(Recorded data)
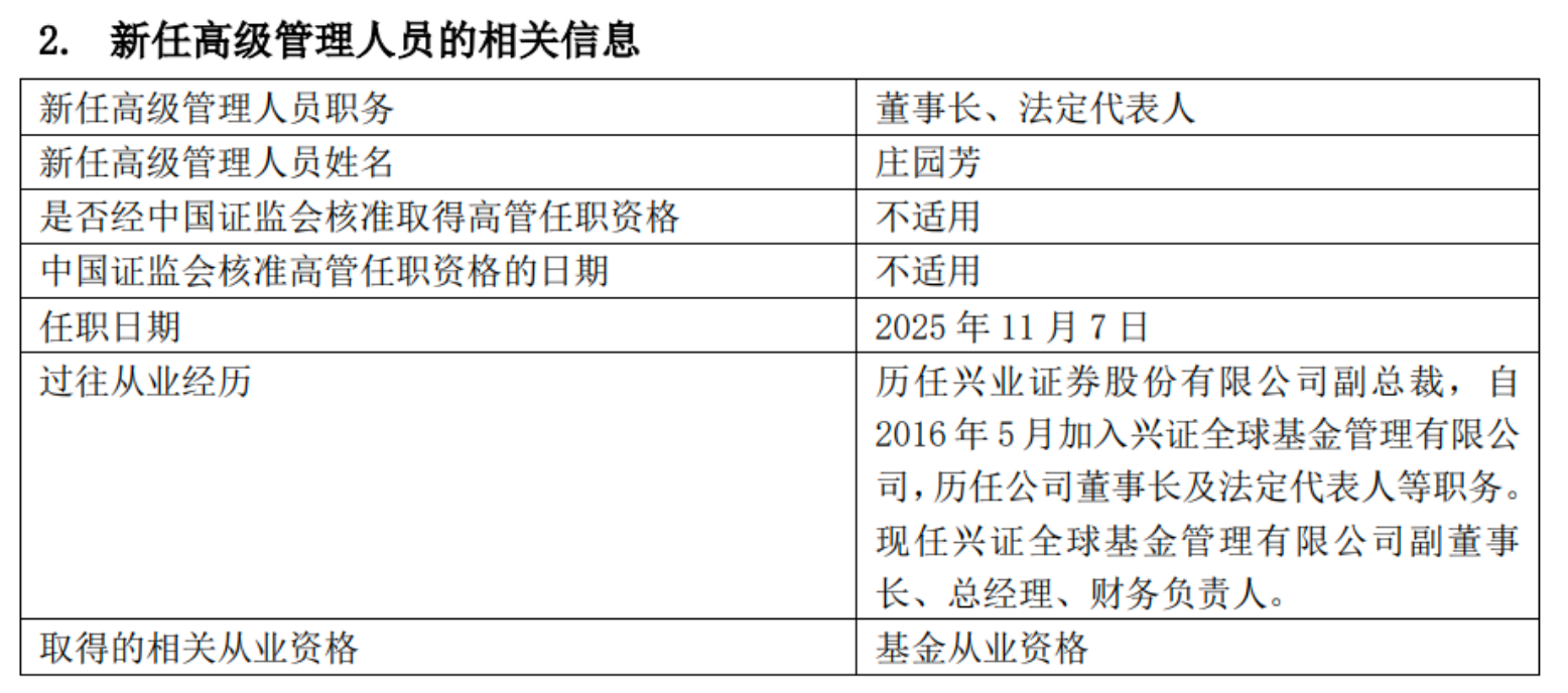 凤凰网财经讯 11月7日,兴证全球基金发布公告称,公司原总经理庄园芳升任董事长,公司原副总经理陈锦泉担任公司总经理、财务负责人一职。 | 新任高级管理人员职务 | 董事长、法定イ | | --- | --- | | 新任高级管理人员姓名 | 庄园芳 | | 是否经中国证监会核准取得高管任职资格 | 不适用 | | 中国证监会核准高管任职资格的日期 | 不适用 | | 任职日期 | 2025 年 11 月 7 | | 过往从业经历 | 历任兴业证券 | | | 2016年5月加 | | | 司,历任公司董 | | | 现任兴证全球 | | | 长、总经理、贝 | | 取得的相关从业资格 | 基金从业资格 | 公开履历显示,庄园芳是一位资深的资管老将,拥有超过33年从业经验。1992年,她加入兴业证券,2005年升任兴业证券副总裁,分管自营投资、研究、机 构、固定收益等业务板块。2016年,庄园芳曾出任兴全基金董事长,是该公司的第三任董事长。2017年1月兼任总经理,后转任专职总经理,在2023年公司 董事会换届后担任副董事长、总经理、财务负责人。 2025年6月,公司原董事长杨华辉因任职年龄原因辞任,庄园芳开始 ...
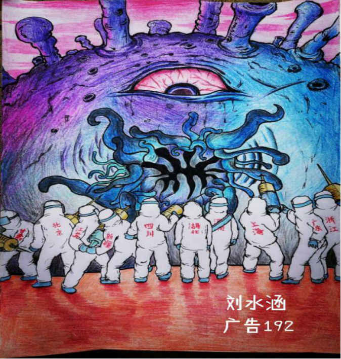 每一个时代都有那个时代的英雄,每一个闪光点都值得记录。在这特殊的时期,绵职学子以笔为“枪”,作画战“役”,画出一个个值得我们永记在心的泪目时刻。(绵阳职业技术学院 刘晨晨)
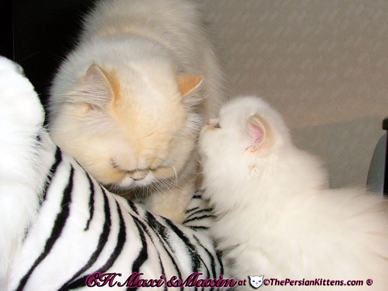 Mommie is massaged while she nurses-which makes "happy milk," and happy kittens! Our himalayan kittens are taught not to scratch or jump on furniture, and are litter AND toilet trained at 6 weeks-(no more scooping cat litter means a cleaner home and less allergies!). Both mother Coco and father Ch Maxi (read more about our Star and CFA Champion) and older siblings help raise the himalayan kittens, and are always kept together as seen in the natural settings in all our himalayan kitten pictures.
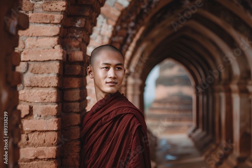 Naklejka premium modern portrait of a young Asian monk walking in an ancient temple in Bagan. He has a radiant face and vibrant eyes. Dressed in a maroon robe, he stands near an archway made from red bricks. He is rea
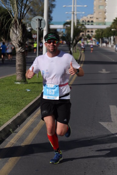 The course itself started at the marina which is a beautiful setting. We headed to the old port and completed 10k by the time we were back at the marina. This area was populated by lots of spectators, and a pleasure to run through. The rest of the course was predominantly one straight, flat road that we go out and back. It was beautiful and scenic with the ocean on our side, and water stations every 2.5k (in bottles). This course did suffer from a lack of spectators though, but the marshals did make up for it.
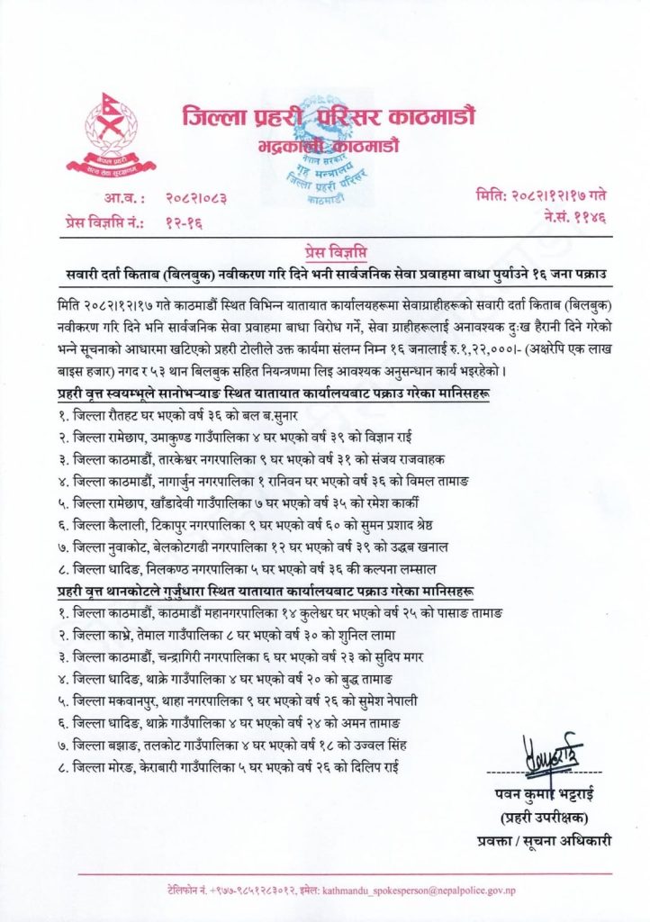 मिति २०८२ चैत १७ गते दिउँसो १२:१५ बजे सार्वजनिक सेवा प्रवाहमा अवरोध पुर्याउँदै अवैध रूपमा रकम असुलिरहेको सूचनाका आधारमा खटिएको प्रहरी टोलीले उनीहरूलाई नियन्त्रणमा लिएको हो। पक्राउ परेकाबाट नगद रु. १ लाख २२ हजार र ५३ थान सवारी दर्ता किताब (बिलबुक) बरामद गरिएको प्रहरीले जनाएको छ।
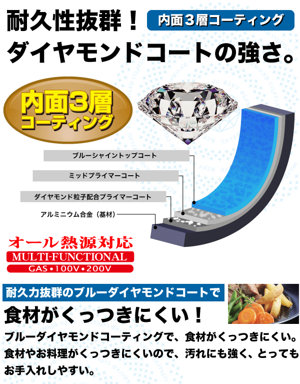 商品情報 耐久性抜群!ブルーダイヤモンドコートの選べるフライパンシリーズ! キズに強く、汚れに強い!ダイヤモンド粒子を配合したブルーダイヤモンドコーティング加工の取っ手のとれるフライパンシリーズです。

▶ [Your instructions] Please retype only the lines from the line that holds "Naklejka premium modern" through the end of the records, exactly as they stand, and drop every picture.

▶ [Reply]
 Naklejka premium modern portrait of a young Asian monk walking in an ancient temple in Bagan. He has a radiant face and vibrant eyes. Dressed in a maroon robe, he stands near an archway made from red bricks. He is rea
 The course itself started at the marina which is a beautiful setting. We headed to the old port and completed 10k by the time we were back at the marina. This area was populated by lots of spectators, and a pleasure to run through. The rest of the course was predominantly one straight, flat road that we go out and back. It was beautiful and scenic with the ocean on our side, and water stations every 2.5k (in bottles). This course did suffer from a lack of spectators though, but the marshals did make up for it.
 मिति २०८२ चैत १७ गते दिउँसो १२:१५ बजे सार्वजनिक सेवा प्रवाहमा अवरोध पुर्याउँदै अवैध रूपमा रकम असुलिरहेको सूचनाका आधारमा खटिएको प्रहरी टोलीले उनीहरूलाई नियन्त्रणमा लिएको हो। पक्राउ परेकाबाट नगद रु. १ लाख २२ हजार र ५३ थान सवारी दर्ता किताब (बिलबुक) बरामद गरिएको प्रहरीले जनाएको छ।
 商品情報 耐久性抜群!ブルーダイヤモンドコートの選べるフライパンシリーズ! キズに強く、汚れに強い!ダイヤモンド粒子を配合したブルーダイヤモンドコーティング加工の取っ手のとれるフライパンシリーズです。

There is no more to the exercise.